When I first heard the idea that most players only play three characters, I think I had the same reaction as everybody else, which was basically “That’s dumb, and you’re dumb”. I kind of resented the idea that players are so set in their ways that they can each be boiled down to three basic ideas. But the more I thought about it, the more I realized that it’s not that players only have three characters as much as they have three archetypes, or three concepts that they expand into multiple fully-fleshed characters.

It’s not that players say “I will only player fighters, dwarves, and raging drunks. And if I can fit them all into one character, bonus!” I doubt anybody sits down and specifies them at all, certainly not that clearly. There’s the occasional case where somebody might play the same character in different systems or settings, but I’ve only seen a few players even try it. It’s more that they enjoy certain parts of the system more, or they like certain things from other media more, or they’re specifically avoiding something they don’t like. Over time, this builds into a pattern that’s only really clear in retrospect.
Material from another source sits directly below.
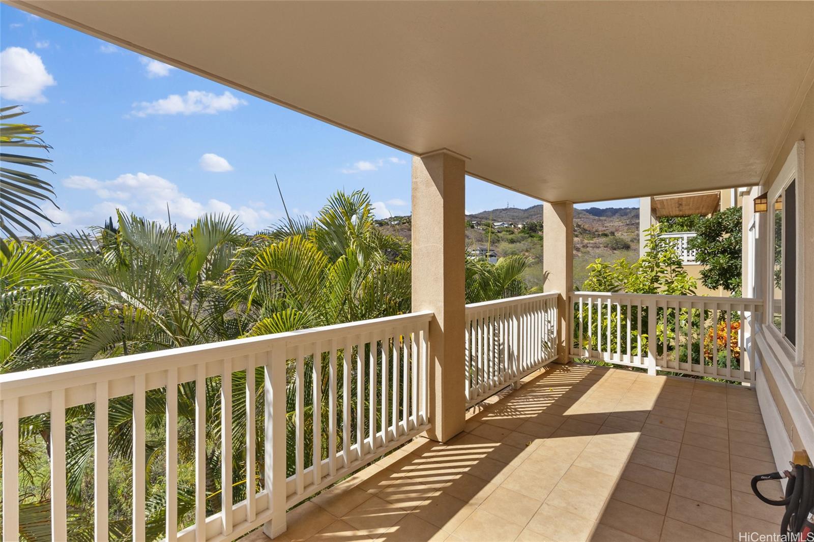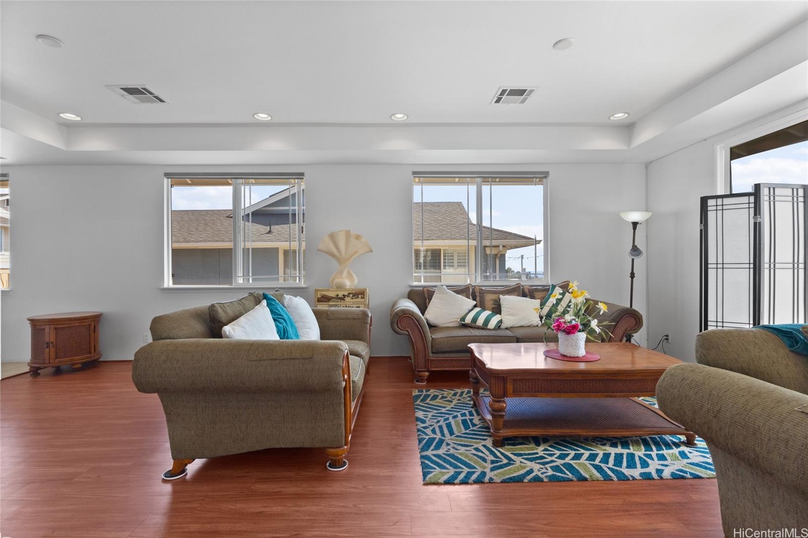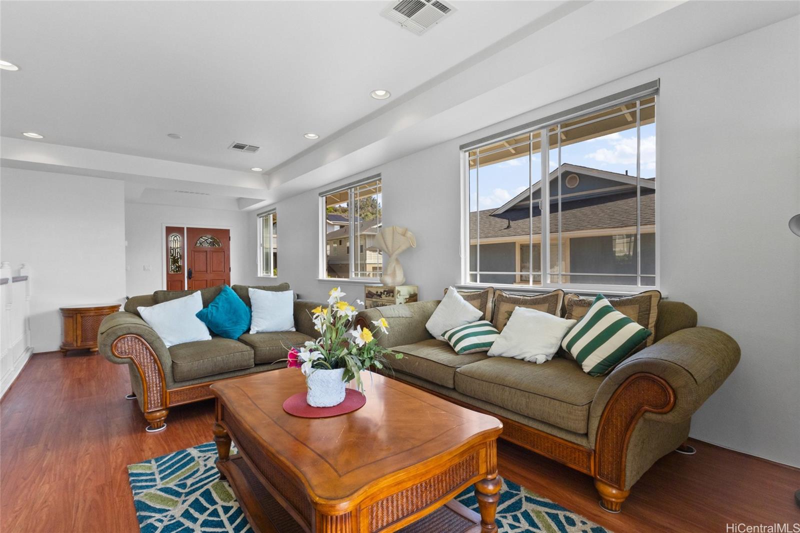 Open Houses 11/22-11/23 2-5PM. First time on the market! This stunning 3-bed, 2.5-bath residence on a sought-after Makakilo rim lot in Hoolu Landing is a rare find, especially with a massive financial bonus: an assumable VA Loan at an incredible 2.25% (PITI approx. $2,695), open to both VA and non-VA buyers! Be instantly greeted by ocean and mountain views visible from two spacious lanais. The upper level features a bright, open-concept layout seamlessly blending the living room, dining area, and huge kitchen—perfect for entertaining. Downstairs, the primary suite offers a walk-in closet, jetted soaker tub, and a private lanai to enjoy the views. 14 owned PV panels keep the electric bill low. Located near the end of a quiet street with guest parking and a large neighborhood park. This is an opportunity you won't want to miss! Current loan balance 509k. Ask about financing for the gap. NO PRIVATE SHOWINGS. OPEN HOUSE ONLY. Maintenance Fee includes landscaping, water, sewer, insurance, road maintenance, utilities for the common areas.

I have some idea of what I like, but maybe by listing all my characters I’ll see a system that I hadn’t notice before. Since this is kind of a D&D blog, I’m only going to focus on my D&D characters, though my characters in other systems (pop star, strongarm zombie-killer, modern American minister, and insomniac Doctor Octopus) do contribute something:

D&D 3.0: super-fast rogue/barbarian
D&D 3.0: spider/dragon bard
D&D 3.0: healing snake-based druid
D&D 3.5: nimble swashbuckler
D&D 3.5: stalwart cleric/barbarian
D&D 3.5: curmudgeon cleric
D&D 3.5: shounen hero sorcerer
D&D 3.5: brooding favored soul
D&D 4.0: science-based robot paladin
D&D 3.5: civilization-building scout
D&D 4.0: science-based robot battlemind
D&D 4.0: rainbow spirit shaman
D&D 3.5: random-weapon ranger
D&D 3.5: giant reticent fighter

That actually did help. Based on what I’ve already played, I like the following:

  • Healers — Five of my fourteen characters were primary healers, and two more were secondary healers. I can’t explain exactly why I like it, though. Maybe it’s the idea of being the glue that hold everybody together, something I don’t get to do in real life. Maybe it’s the thrill of managing the resources of an entire party, making sure they’re all able to do their jobs in a way other roles can’t. Or maybe I just like looking at the damage the DM is doing and subverting it. 4th Edition has changed this a bit with the concept of healers that heal while doing damage, because players love damage. But I love healing for healing’s sake, and over time I’ve come to request that role when it’s available (Note: now that I like it, it never is).
  • Competent characters — This isn’t just regular competency or competency in expected roles, where most characters are expected to be. This is hyper-competency, where I take some corner case in the system and excel at it in a way that doesn’t fit the normal character role. For example, my 4th Edition robot was capable of doing 200 damage in a single round at L16, which was impressive considering that character is not a striker but less impressive when one realizes that I can’t do it for more than one round per day. My favored soul was a king of shield-based combat, my rogue was the fastest L5 character in the system, my ranger loved combat maneuvers in a age that didn’t have them, and so forth.
  • Snarky characters — This is the type of personality I tend to play because it’s the type of person I tend to be. Intentionally or otherwise, eventually enough of my personality will seep in to the character that they end up sounding like Gregory House. This fits six of my D&D characters and three of my four non-D&D characters, and it’s caused countless moments where other characters shift into snark for a quick joke.

So it looks like my perfect character is a snarky healer who’s also great at something besides healing. I’ve actually played this once (the favored soul) and come close a second time (the spirit shaman), but I’ve never gone into a character with that intention. In fact, both of those characters are backups for campaigns where I could run a second character.

It’s worth noting that I have a habit of picking my character last to fill any holes in the party. Using the seven party roles, I determine where there’s missing competency and build a character that fixes it, allowing everybody to have the character they want but still play in a balanced group. Most of the characters above were caused by me taking something I felt I needed to do and mixing it with something I wanted to do. If I had free reign to play any character I wanted, I think I’d be so consumed by analysis paralysis that I’d never make anything fun.